(RECORDED DATA Opens)

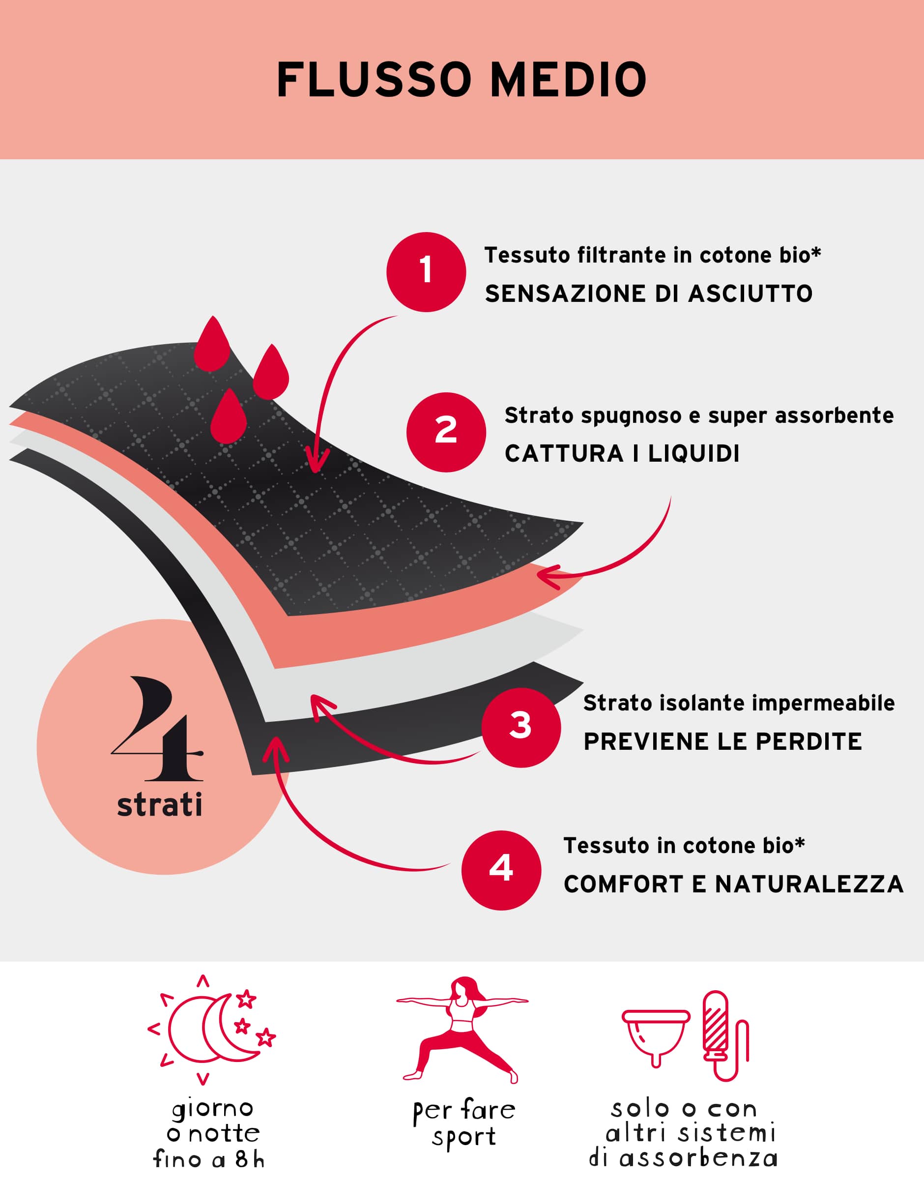 I quattro livelli di assorbenza garantiscono una protezione efficace fino a 11 ml di flusso. Il tessuto principale è composto al 95% da cotone biologico, assicurando morbidezza e traspirabilità, mentre il restante 5% è costituito da elastan per una maggiore elasticità e adattabilità.
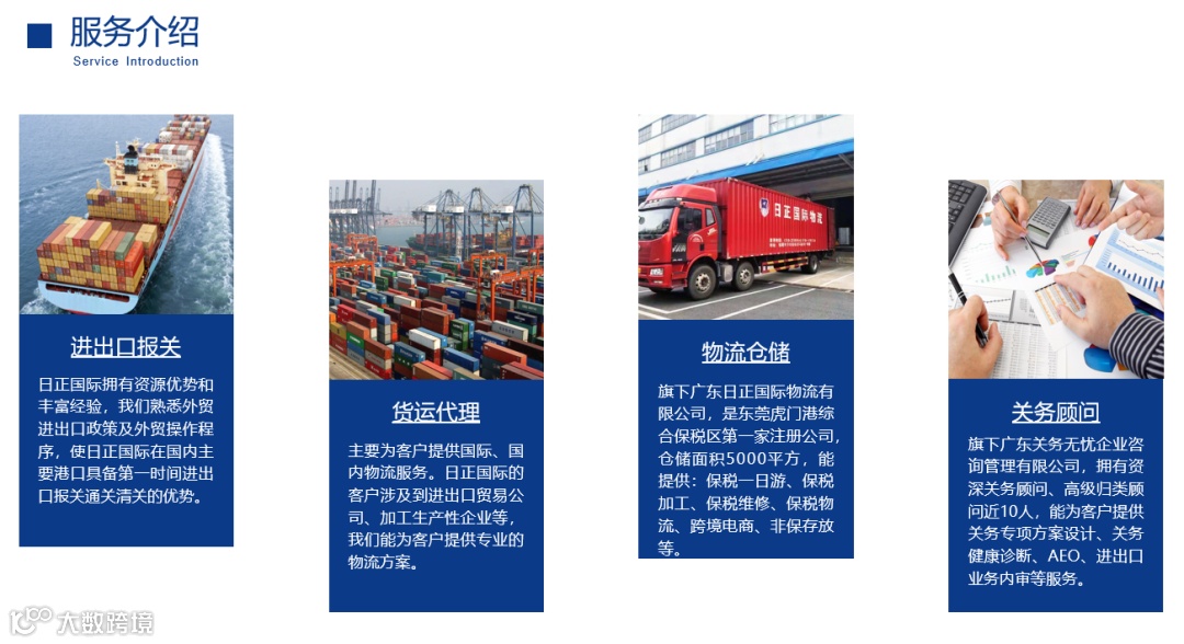 日正国际供应链科技股份有限公司成立于2007年,服务范围涉及到全国各主要口岸及世界的服务网点,是一家为客户提供货代业务、通关业务、报检、外贸、商务、运输、仓储、包装和配送等一条龙优质服务的跨国供应链再造商。
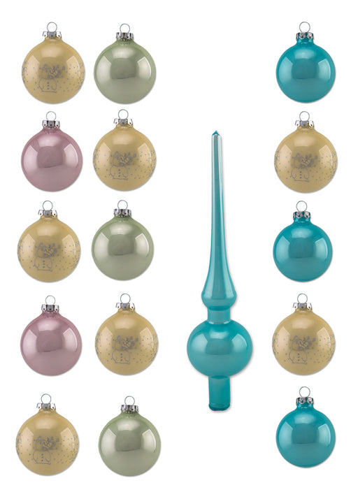 Vollständige Details anzeigenThüringer Glasdesign Weihnachtskugel-Set 16-tlg. - Pastell mit Glitzer Dekor Lustige Schneemänner -

(RECORDED DATA Closes)

GOAL OF THE EXERCISE: What you return should be all of the material above, exactly, and none of its pictures.

THE ANSWER:
 I quattro livelli di assorbenza garantiscono una protezione efficace fino a 11 ml di flusso. Il tessuto principale è composto al 95% da cotone biologico, assicurando morbidezza e traspirabilità, mentre il restante 5% è costituito da elastan per una maggiore elasticità e adattabilità.
 日正国际供应链科技股份有限公司成立于2007年,服务范围涉及到全国各主要口岸及世界的服务网点,是一家为客户提供货代业务、通关业务、报检、外贸、商务、运输、仓储、包装和配送等一条龙优质服务的跨国供应链再造商。
 Vollständige Details anzeigenThüringer Glasdesign Weihnachtskugel-Set 16-tlg. - Pastell mit Glitzer Dekor Lustige Schneemänner -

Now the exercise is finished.